The association between cerebrovascular disease and disease activity of RA has been previously reported, and proper treatment and maintenance of low disease activity in RA can suppress the progression of atherosclerosis [26], thereby reducing the risk of cerebrovascular events [27]. Our results suggest that cerebrovascular events may be more frequent in RA patients with high disease activity, and provide evidence for the effectiveness of appropriate treatment, including Bio, based on recent T2T strategies. Another possible interpretation is that patients with a history of cerebrovascular disease are not being treated appropriately.

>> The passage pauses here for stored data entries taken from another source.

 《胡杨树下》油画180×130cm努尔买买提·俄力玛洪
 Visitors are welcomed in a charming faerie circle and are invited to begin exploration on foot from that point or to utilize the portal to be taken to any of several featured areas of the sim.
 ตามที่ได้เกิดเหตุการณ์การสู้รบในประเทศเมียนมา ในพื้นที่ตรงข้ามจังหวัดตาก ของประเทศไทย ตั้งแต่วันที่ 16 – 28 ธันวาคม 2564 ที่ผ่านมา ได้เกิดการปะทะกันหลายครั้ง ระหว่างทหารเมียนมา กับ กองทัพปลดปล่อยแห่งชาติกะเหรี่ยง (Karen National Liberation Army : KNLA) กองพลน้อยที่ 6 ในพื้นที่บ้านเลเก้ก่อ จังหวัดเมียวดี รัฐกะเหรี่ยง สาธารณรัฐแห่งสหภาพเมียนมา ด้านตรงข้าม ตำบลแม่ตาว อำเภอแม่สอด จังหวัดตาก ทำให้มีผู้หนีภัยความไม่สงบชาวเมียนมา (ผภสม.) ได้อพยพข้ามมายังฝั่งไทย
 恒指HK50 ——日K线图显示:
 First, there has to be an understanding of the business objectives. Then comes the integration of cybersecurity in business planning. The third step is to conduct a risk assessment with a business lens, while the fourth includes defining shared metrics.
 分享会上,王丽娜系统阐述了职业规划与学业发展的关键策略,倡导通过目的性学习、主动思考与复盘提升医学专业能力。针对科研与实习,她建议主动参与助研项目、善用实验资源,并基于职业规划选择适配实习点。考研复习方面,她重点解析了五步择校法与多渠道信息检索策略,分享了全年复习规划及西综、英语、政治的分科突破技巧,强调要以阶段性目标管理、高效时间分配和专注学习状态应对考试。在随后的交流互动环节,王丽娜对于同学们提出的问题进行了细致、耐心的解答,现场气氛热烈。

In fact, the physical limitations of patients have been reported to be barriers to achieving optimal disease activity [18], and the usage rate of biologics has been reported to be lower in patients with cerebrovascular disease because this comorbidity is attributed to increased fragility [28]. In this study as well, a high Steinbrocker class was a risk factor for high disease activity in the multivariate logistic regression analysis; impaired physical function was associated with high disease activity. Although the definition of patient fragility is unclear and the association between cerebrovascular disease and the patient’s physical function and usage rate of biologics has not been investigated in this study, we hypothesized that the general health condition of patients with a history of stroke influenced the treatment choice of their physicians and resulted in high disease activity.

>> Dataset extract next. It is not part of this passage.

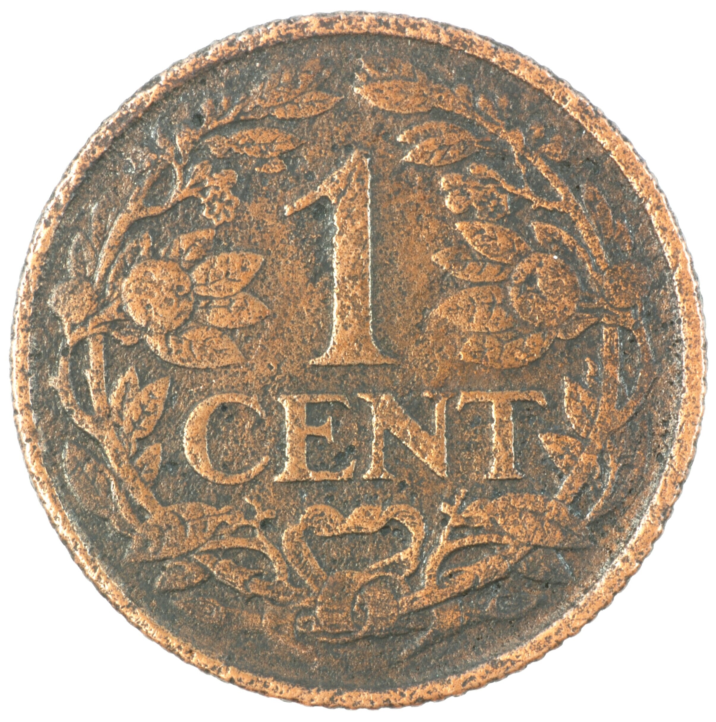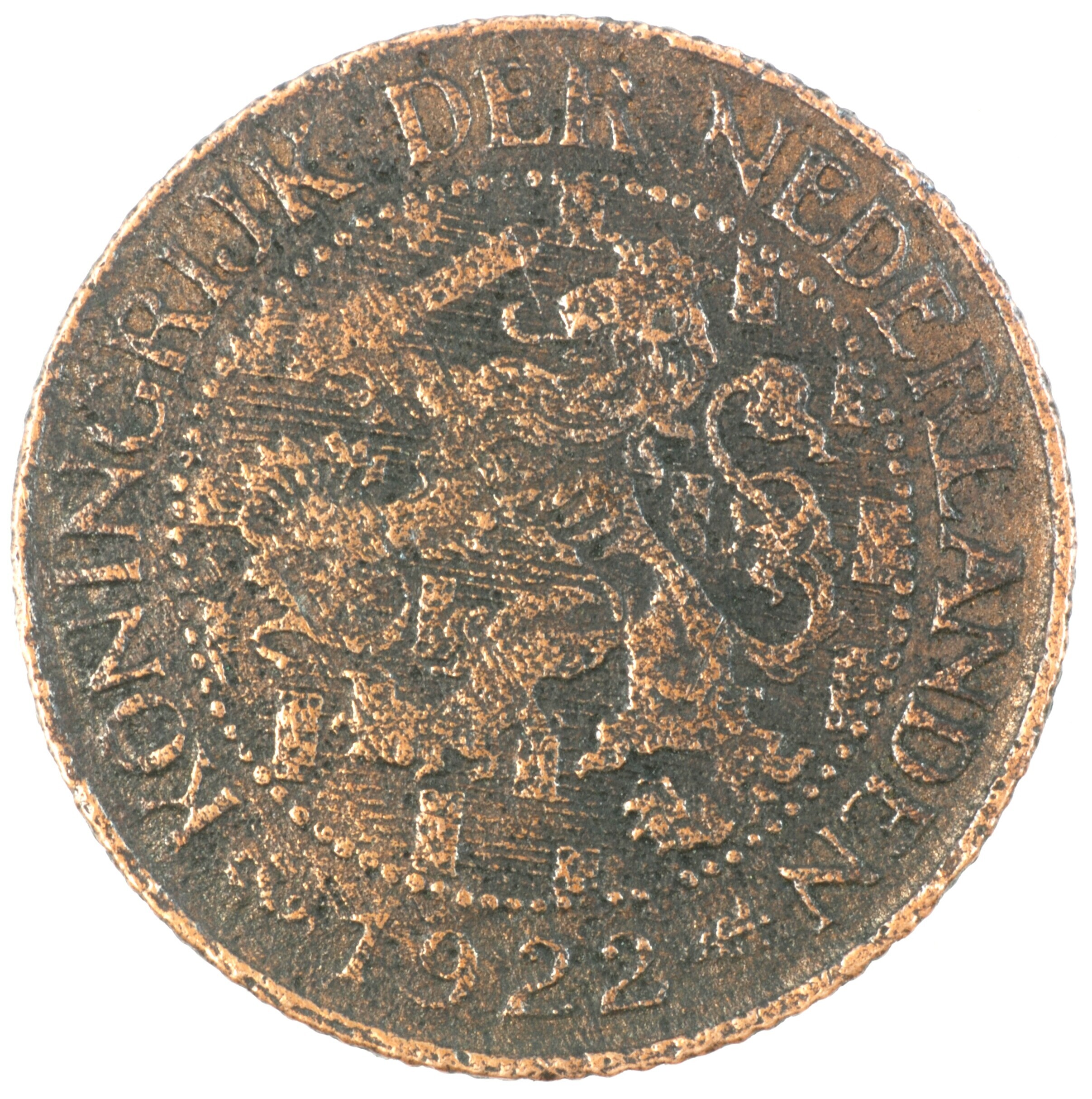 Cent; Nederland Koninkrijk (1813-heden); Wilhelmina (1890-1948); vz.: klimmende leeuw naar links met zwaard en pijlenbundel op een veld van azuur met zeventien blokken binnen parelcirkel, met omschrift (zeepaardje) KONINGRIJK DER NEDERLANDEN (mercuriusstaf) 1922; kz.: binnen een krans van twee samengebonden oranjetakken in twee regels: 1 / CENT; muntplaats: Utrecht; 2.25 gram; referentie: Schulman 985

The presence of respiratory disease is the most important comorbidity to consider when treating patients with both MTX and biologics, as it increases the risk of drug-related risks, such as the development and exacerbation of IP and respiratory infections [28,29,30]. Therefore, respiratory disease could also be a risk factor for high disease activity in terms of drug selection. However, in this study, there was no statistically significant association between disease activity and respiratory disease in patients with RA. A previous study reported that respiratory comorbidity affected patient-reported outcomes [10]. However, to our knowledge, there are no studies that have revealed an association between RA disease activity and the presence of respiratory comorbidities. A variety of treatment options, including the careful use of MTX and biologics with close monitoring of symptoms [28, 31] and the use of some biologic agents with a low risk of infection but good efficacy in improving activity, could contribute to achieving low disease activity in patients with comorbid conditions [32, 33].

This study had several limitations. First, this was a cross-sectional observational study; hence, it was difficult to evaluate the influence of comorbidities on therapeutic response and selection of drugs, and to clearly establish a causal relationship between comorbidities, disease characteristics, and treatment. Second, we did not investigate other painful diseases, such as osteoarthritis and spondylosis, which may influence the assessment of disease activity. Although comorbidities generally increase in the elderly, we did not compare comorbidities in the non-RA group. Finally, our study was not limited to the elderly, as it included all RA patients older than 18 years. Finally, although our data is from the region with the highest rate of aging, our study is not limited to the elderly because we analyzed all registered cases, including all patients with RA aged 18 years and older. Further research is needed to confirm these findings by refining the registration methods, collecting more detailed data, and conducting longitudinal studies.

Conclusions

In our registry study with a high proportion of elderly RA patients, we revealed that in patients with moderate-to-high disease activity as classified by DAS28-ESR, the prevalence of hypertension, diabetes mellitus, respiratory disease, and cardio-cerebrovascular disease, but not renal disease and malignant tumor, was significantly higher. Furthermore, multivariate logistic regression analysis showed that among the comorbidities, only cerebrovascular disease was associated with high disease activity in patients with RA. Therefore, when treating elderly patients with RA, we need to pay careful attention to cerebrovascular disease, and treatment should be aimed at achieving adequate control of RA.